To prepare for the incoming patients, St. Joseph’s is rescheduling all non-urgent or non-emergent surgeries and procedures and redeploying staff where needed, including to London Health Sciences Centre (LHSC).
SJHCL is collaborating with LHSC, opening additional beds for non-COVID-19 patients who do not require acute care.
“We understand this is a stressful time for our patients but we must ensure the health-care system, regionally and provincially, has capacity to meet the needs of the most critically ill during this third wave of the pandemic,” says Dr. Gillian Kernaghan, president and CEO of St. Joseph’s.
Patients who have been impacted will be contacted directly and those with urgent and emergent needs will continue to be seen. Kernaghan said people who are not contacted should assume their procedure is still happening.
For this latest wave of the pandemic, St. Joseph’s has received funding for up to 44 additional beds at Parkwood Institute, 27 of which already exist and have been used at various points in the pandemic.
St. Joseph’s announcement comes after Dr. David Williams, Ontario’s chief medical officer of health issued a directive Tuesday requiring all hospitals in the province to stop all non-emergent surgeries and non-urgent procedures right away.

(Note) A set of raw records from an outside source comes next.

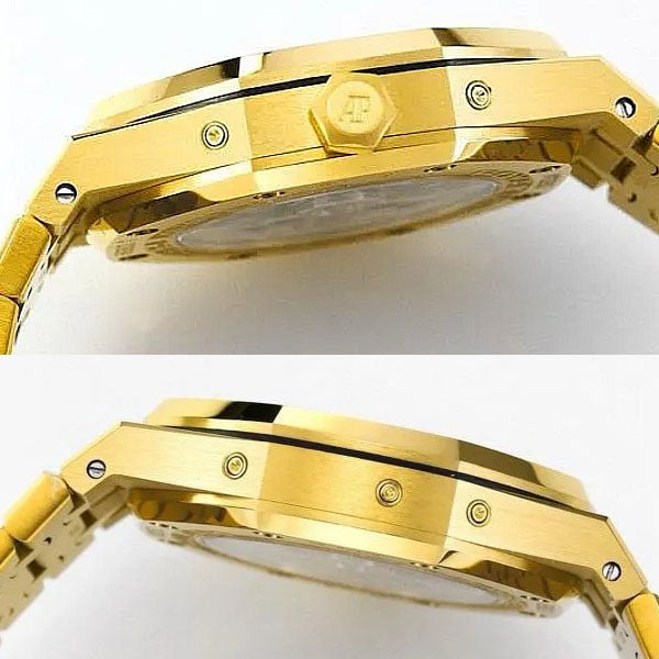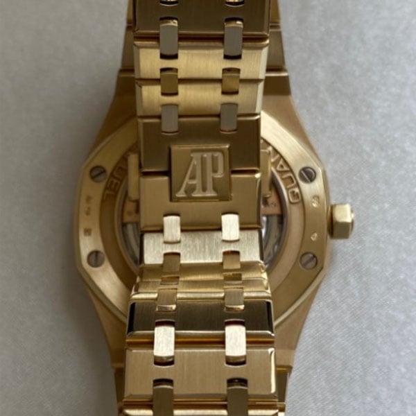 18kゴールド製のアプライドアワーマーカーとロイヤルオーク針、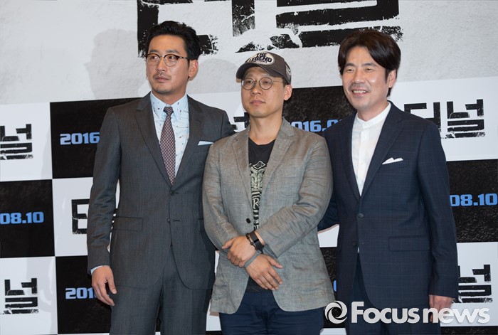 하정우는 무너진 ‘터널’ 속에서 역대급 연기를 선보인다. 그는 어둡고, 두렵고, 무서운 공간에서도 특유의 매력으로 관객의 웃음을 유발한다. ‘터널’의 메가폰은 ‘끝까지 간다’(2013년)를 통해 관객과 언론의 호평을 얻은 김성훈 감독이 잡았다. 하정우를 비롯해 오달수, 배두나 등이 열연한다. 이는 오는 10일 개봉해 관객과 만난다.'터널'의 메가폰을 잡은 김성훈 감독(왼쪽)이 배우 하정우를 극찬했다. 포커스뉴스DB.(서울=포커스뉴스) 3일 오후 서울 강남구 메가박스 코엑스점에서 열린 영화 '터널' 언론시사회에 참석한 배우 하정우(왼쪽부터), 김성훈 감독, 오달수가 포토타임을 갖고 있다. 2016.08.03 김유근 기자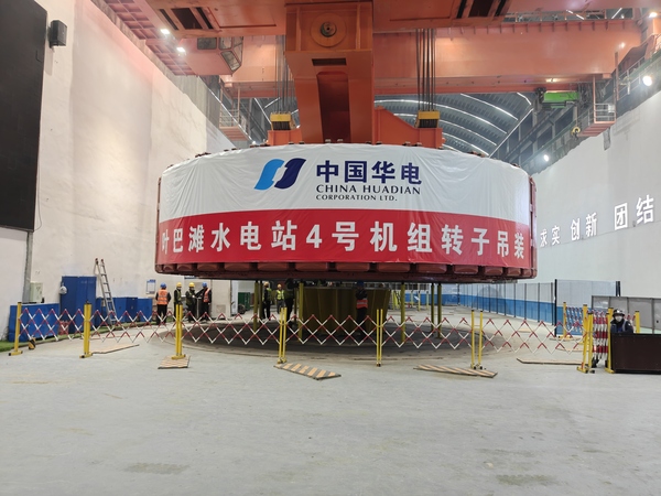 6月13日,叶巴滩水电站首台(4号)机组转子吊装就位,标志电站进入机电安装冲刺阶段,为年底首批机组投产发电奠定坚实基础。
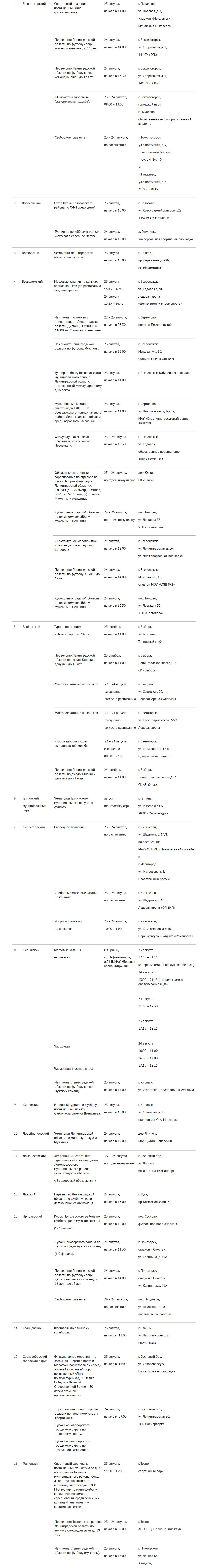 В Кировске пройдет футбольный турнир памяти Евгения Дмитриева, а в Сосновом Бору – баскетбольный марафон «Атомная Энергия Спорта». Тосно отпразднует 95-летие района большим фестивалем с единоборствами, шахматами и семейными соревнованиями.

Hospitals across the province are continuing to fill up with COVID-19 patients, putting a strain on the health-care system amid the third wave.
“This is a rapidly evolving situation,” Kernaghan said. “We continue to closely assess the needs in London and our region, and how our organization can respond.”

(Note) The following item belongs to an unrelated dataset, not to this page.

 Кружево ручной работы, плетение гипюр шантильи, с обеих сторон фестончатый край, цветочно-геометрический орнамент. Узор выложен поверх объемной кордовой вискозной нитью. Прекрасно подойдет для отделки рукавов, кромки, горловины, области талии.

As of Thursday, a record-setting daily case count of 95 COVID-19 patients were listed in the care of LHSC. Of those, at least 37 are in critical or intensive care, a decrease of two from a day earlier.
There were 2,350 patients hospitalized with COVID-19 on Thursday, with 806 in intensive care, according to provincial data.
“We are concerned we will continue to need increasing amount ICU and medical hospital bed capacity,” Kernaghan said.
On Thursday, health minister Christine Elliot unveiled new emergency orders that would allow workers to care for patients outside of their regular scope of practice. The orders also allow out-of-province health-care workers to practice in Ontario without registering with the regulatory colleges in the province.
Talks have begun to redeploy specialists including plastic surgeons and cataract surgeons to work in intensive care units, assisting with emergency, life-saving surgeries, Elliott said.
She said 45 health-care workers have already volunteered to work in intensive care, and the province is working with another 55 individuals about potentially making the move.